How can we improve explainable AI (XAI) techniques for structured pixel-wise predictions on biomedical data, by leveraging concept-based approaches, such as Concept-Relevance Propagation (CRP)?

Research Framework

Our research aims to extend Concept-Relevance Propagation (CRP) to structured pixel-wise predictions in the biomedical domain. Specifically, we plan to integrate model-guided explanations with CRP to enhance the interpretability of pixel-level predictions in critical medical applications, such as biomedical imaging.

Main Contribution

Towards the goal of integrating model-guided explanations with CRP in the context of pixel-level predictions in the biomedical domain, we unify the use of explainable AI heatmaps for weakly supervised segmentation with the „Right for the Right Reasons“ paradigm, demonstrating that differentiable heatmap architectures perform competitively in semi-supervised segmentation tasks, even outperforming standard encoder-decoder models when trained with limited pixel-level labels and image-level supervision [1]. In [2], we consider the question of explaining predictive uncertainty, i.e., why a model ‘doubts’. While this aspect has been neglected in the literature before, it is shown that predictive uncertainty is dominated by second-order effects, involving single features or product interactions between them.  Moreover, we provide „quanda“, a Python toolkit designed as a unified framework to facilitate the evaluation of training data attribution methods [3]. As another application on biomedical images, [4] considers concept-based explanations in the classification of Alzheimer’s disease. Finally, in [5] we introduce a continuous-time score-based generative model leveraging fractional diffusion processes, enhancing image quality and pixel-wise diverstiy – an essential property for synthetic data used in AI systems for high-stakes medical applications, such as structured pixel-wise predictions in biomedical imaging.

Publications

  • Yu, Xiaoyan, et al. „Model guidance via explanations turns image classifiers into segmentation models.“ World Conference on Explainable Artificial Intelligence.

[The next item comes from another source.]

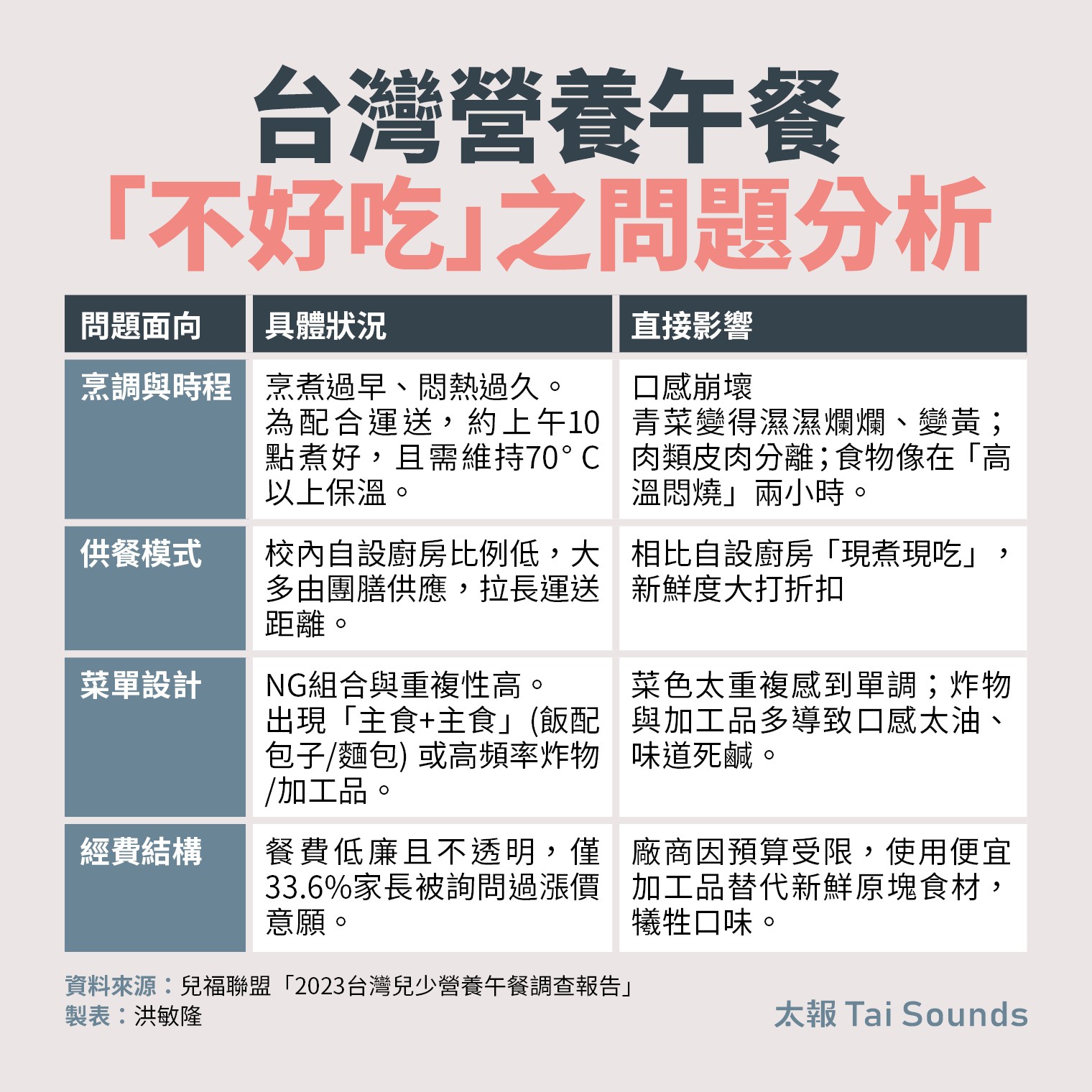 這意味著,當孩子中午12點開飯時,他們吃的是已經在高溫中「悶」了兩個小時以上的食物。這導致肉類皮肉分離、青菜濕濕爛爛變黃。這種物理上的口感崩壞,是再好的廚師也難以克服的距離障礙。兒盟調查也顯示,吃外訂桶餐的學生,給予午餐的評分顯著低於學校自設廚房的學生。

Cham: Springer Nature Switzerland, 2024.
  • Bley, Florian, et al. „Explaining Predictive Uncertainty by Exposing Second-Order Effects.“ arXiv preprint arXiv:2401.17441 (2024).
  • Bareeva, Dilyara, et al. „Quanda: An Interpretability Toolkit for Training Data Attribution Evaluation and Beyond.“ arXiv preprint arXiv:2410.07158 (2024).
  • Tinauer, Christian, et al. „Explainable concept mappings of MRI: Revealing the mechanisms underlying deep learning-based brain disease classification.“ World Conference on Explainable Artificial Intelligence. Cham: Springer Nature Switzerland, 2024.
  • Nobis, Gabriel, et al. „Generative fractional diffusion models.“ In Advances in Neural Information Processing Systems, 2024.

 

Principal Investigators

Dagmar Kainmüller (UP/MDC)

Wojciech Samek (TU Berlin/HHI Fraunhofer)

Project Researchers

Gabriel Nobis (HHI Fraunhofer)

Claudia Winklmayr (MDC Berlin)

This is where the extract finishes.